Inventory of Promising Practices


Refers to the Canadian Association for Social Work Education (CASWE-ACFTS) implementing initiatives, regulations, or policies to address the noted crisis in field education.

Practice 1:

Having university programs include courses on knowledge and competencies for field instruction as part of the curriculum

Providing training specifically on mentorship and field instruction competencies can help improve mentor-student relationships.

  • “… I come from the field of marriage and family therapy, and one of the things that I would like to see social work adopt from that field – because I think it’s one of the strongest facets of designations in the credentialing in that field – is that those of us who want to be supervisors had to become approved supervisors.
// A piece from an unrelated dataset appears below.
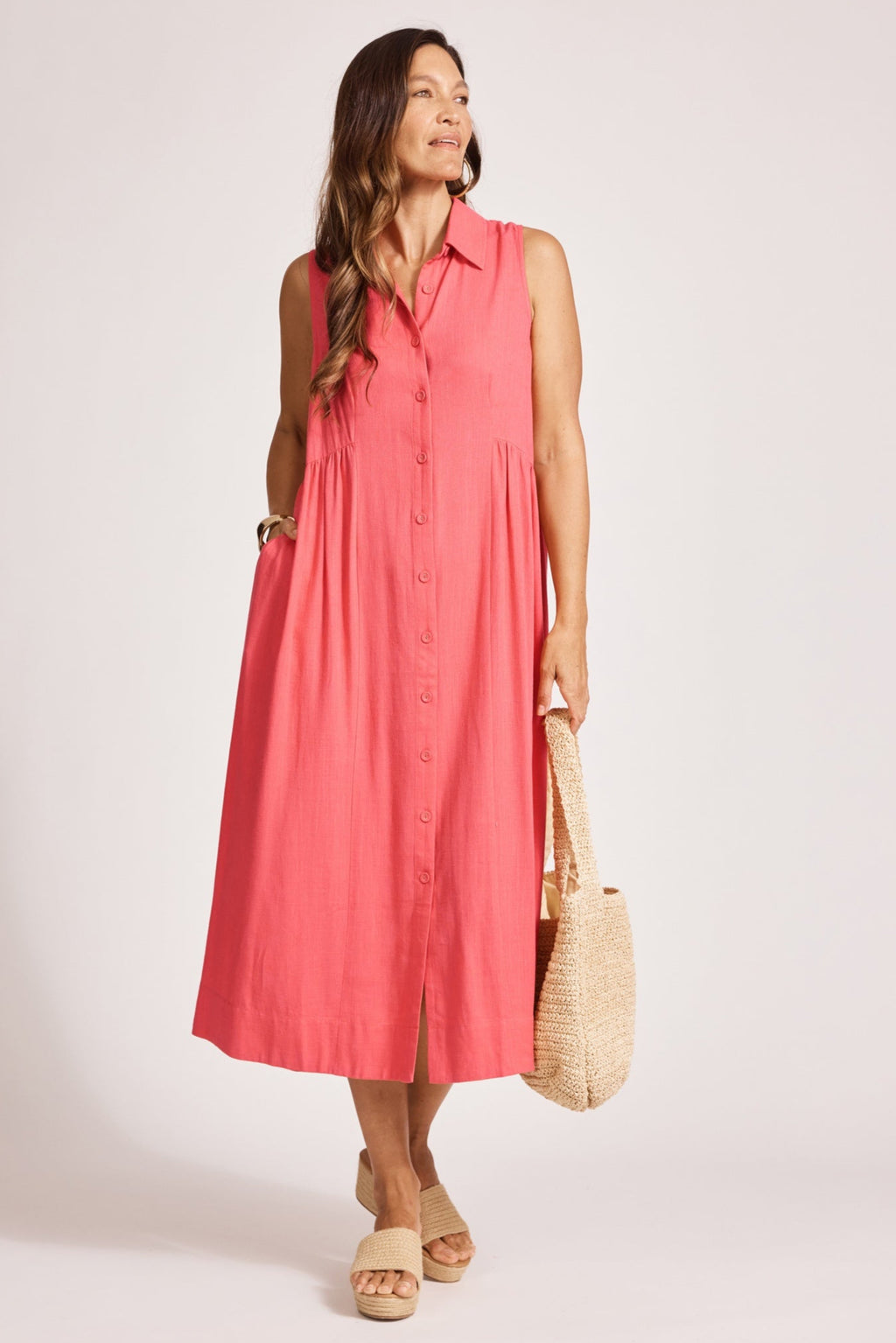 Eb & Ive Alesia Sleeveless Shirt Dress in Melon

Which meant we had to go through a course; we had to have our first 100 hours of supervision supervised by an approved supervisor; we had to write our philosophical statements and have those approved and also the practices that we engaged in to show that they were in line with our philosophy’s” (Interview Participant, Prairie Region)
  • “I think we need to do better at giving tools to our field instructors. We do have expectations of them, like they’re volunteers. They’re out there. They’re the ones that are shaping our students in practice. And I’m wondering, is there ways that we can build in more …I don’t know…not accountability, but…influence with them. […] I’m a little disappointed by the online manual and modules for field instructors. We don’t say that out loud in the report, but it never really took off.” (Interview Participant, Prairie Region)
  • “So, maybe if it was two weeks or a month before the field placement started and you talked in that session about welcoming a student and what do you do in the first few weeks or something. And then a couple weeks or a month after, maybe as the student is starting or just after the student starts, you discuss some of the strategies around promoting autonomy. For example, moving from observation into practice, such as, what are the things that you need to look for strategies for modalities to use in supervision. (Interview Participant, Quebec region)
  • “What’s interesting is that it’s training that’s specific to social work supervision. So, yes, there is a part where there are our educational tools that are presented, but it is much more than that. We are talking about the role of the supervisor. We are talking about the learning styles of students. We talk about the challenges we can have. We have a section on the performance anxiety of our students. We have a whole section full of tools that can be used as part of the two hours training. It is very much appreciated when we look at the evaluations because it is concrete, it is specific to social work supervision. … those who take it anyway go “wow”, there it is concrete, it is clear, it is complete and, really, we only have good comments usually there from this training.” (Interview Participant, Quebec region)

Practice 2:

Exploring more diverse social work supervision outside of supervisors with BSW/MSW

Providing potential supervisors with different educational backgrounds and experiences outside of social work (e.g., sociology, counselling psychology graduates working in social justice)

  • “The accreditation body has to be more lenient and open on what constitutes social work supervision. There are people working with different educational backgrounds and experiences outside of social work that have a lot to contribute to our students in terms of supporting their social work education. So, not only do we have a hard time finding enough field educators with BSW and MSW backgrounds, but we also actually felt that people with a master’s in counseling psychology or an undergraduate degree in sociology are doing an amazing social justice initiative with that and are just as qualified to provide support and education to our students. So, recognizing that people come from all different walks of life and have different access to different things. And, somebody who doesn’t have the BSW degree, but has decades of experience on the front lines has a lot to contribute to our profession” (Interview Participant, Ontario Region)
  • “Yes, even when it comes to talking to our accreditation bodies, CASWE, there are a lot of issues around supervision and qualifications of instructors. We’re able to, as a collective voice, share how we’re all experiencing challenges when it comes to that because a lot of the time, it’s a challenge even to find a social worker that would supervise a student. A lot of the time, the community type of placements, which is a lot of them, especially for the Bachelor of Social Work students, the instructors are doing the work of social workers but without the degree. So, we’ve been able to voice that. We still have the expectations we need to follow, but at least they’re aware that in the future, when they do audit universities, it’s something that everybody’s going through, and we’re trying to work through that.” (Interview Participant, Ontario Region)

Encouraging an open mind and flexibility about practicum placements, organizations, or populations to increase field placement options.